• [Required action] Copy every entry word for word, but skip the pictures.

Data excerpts
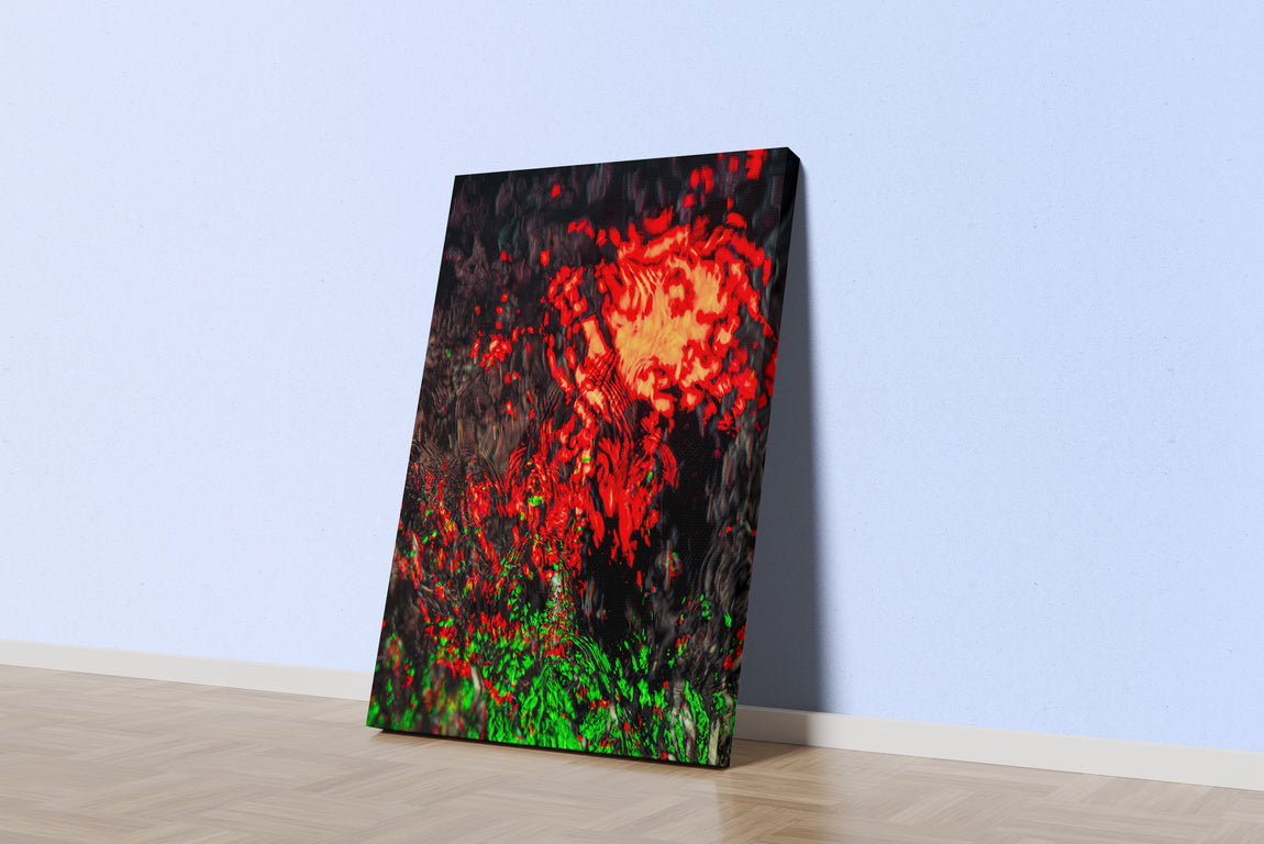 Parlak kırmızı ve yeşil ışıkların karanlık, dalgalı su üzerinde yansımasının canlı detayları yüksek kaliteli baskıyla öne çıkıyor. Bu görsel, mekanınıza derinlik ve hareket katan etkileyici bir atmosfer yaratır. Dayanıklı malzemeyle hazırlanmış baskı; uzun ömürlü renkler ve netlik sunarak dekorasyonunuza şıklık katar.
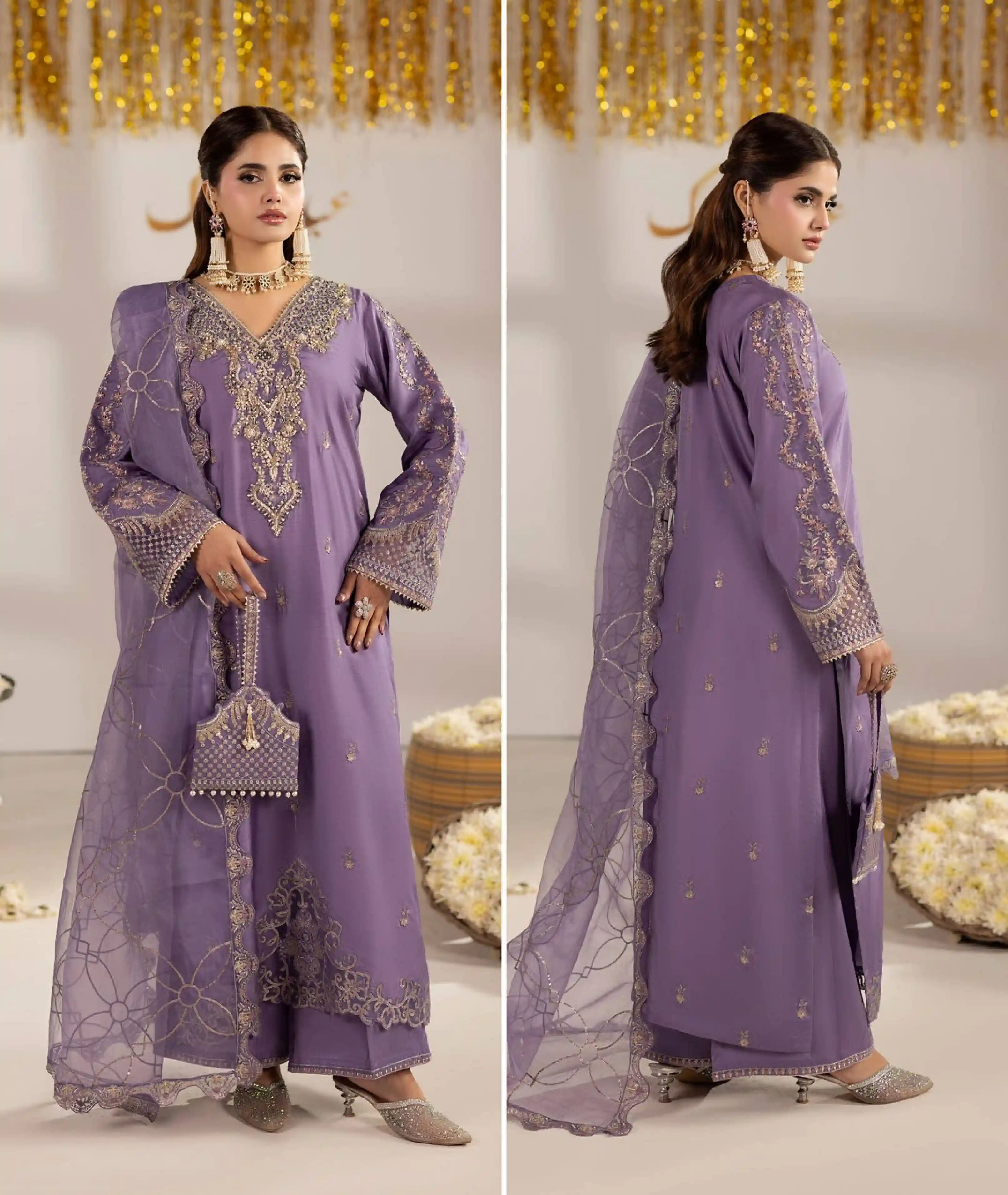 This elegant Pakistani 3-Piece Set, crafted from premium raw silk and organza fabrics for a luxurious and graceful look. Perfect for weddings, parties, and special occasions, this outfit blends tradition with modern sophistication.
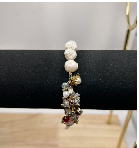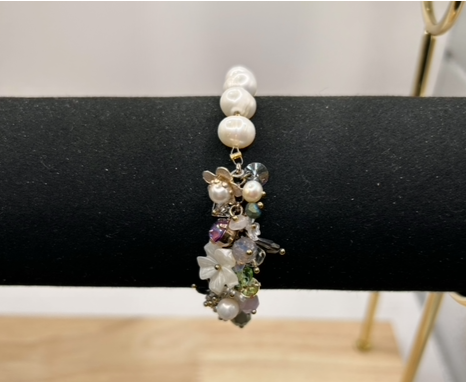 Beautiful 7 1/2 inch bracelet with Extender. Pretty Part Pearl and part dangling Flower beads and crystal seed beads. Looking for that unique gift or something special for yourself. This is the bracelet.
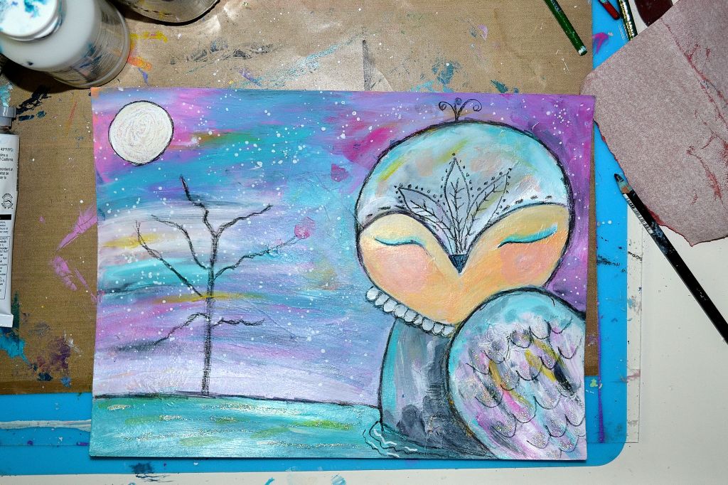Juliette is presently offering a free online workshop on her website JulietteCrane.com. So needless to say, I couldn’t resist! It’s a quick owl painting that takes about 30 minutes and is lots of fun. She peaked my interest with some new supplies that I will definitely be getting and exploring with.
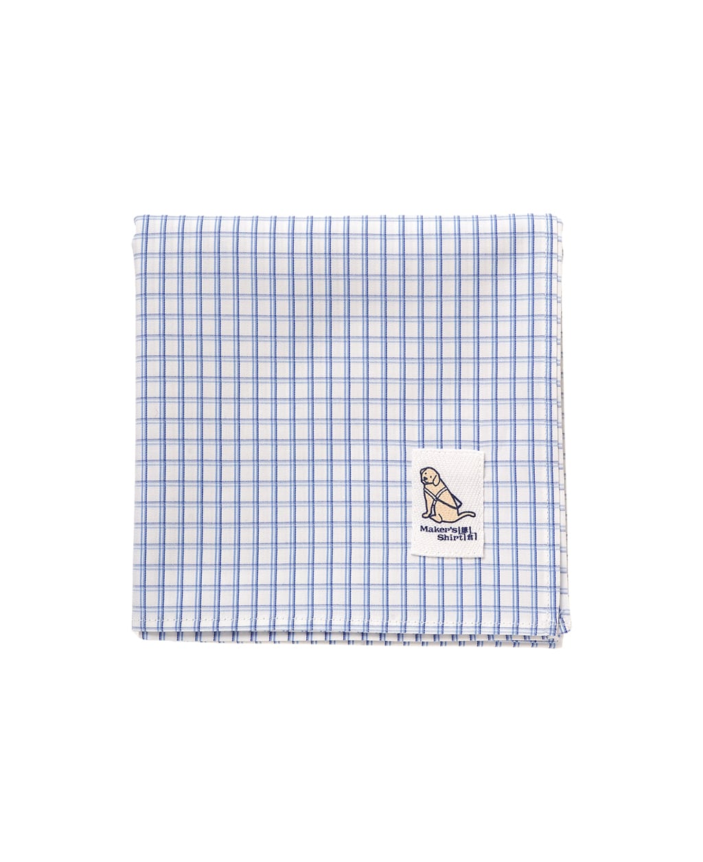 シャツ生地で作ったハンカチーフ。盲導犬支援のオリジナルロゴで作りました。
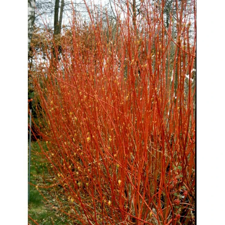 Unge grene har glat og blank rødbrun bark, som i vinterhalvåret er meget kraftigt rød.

• [Exercise answer]
 Parlak kırmızı ve yeşil ışıkların karanlık, dalgalı su üzerinde yansımasının canlı detayları yüksek kaliteli baskıyla öne çıkıyor. Bu görsel, mekanınıza derinlik ve hareket katan etkileyici bir atmosfer yaratır. Dayanıklı malzemeyle hazırlanmış baskı; uzun ömürlü renkler ve netlik sunarak dekorasyonunuza şıklık katar.
 This elegant Pakistani 3-Piece Set, crafted from premium raw silk and organza fabrics for a luxurious and graceful look. Perfect for weddings, parties, and special occasions, this outfit blends tradition with modern sophistication.
 Beautiful 7 1/2 inch bracelet with Extender. Pretty Part Pearl and part dangling Flower beads and crystal seed beads. Looking for that unique gift or something special for yourself. This is the bracelet.
Juliette is presently offering a free online workshop on her website JulietteCrane.com. So needless to say, I couldn’t resist! It’s a quick owl painting that takes about 30 minutes and is lots of fun. She peaked my interest with some new supplies that I will definitely be getting and exploring with.
 シャツ生地で作ったハンカチーフ。盲導犬支援のオリジナルロゴで作りました。
 Unge grene har glat og blank rødbrun bark, som i vinterhalvåret er meget kraftigt rød.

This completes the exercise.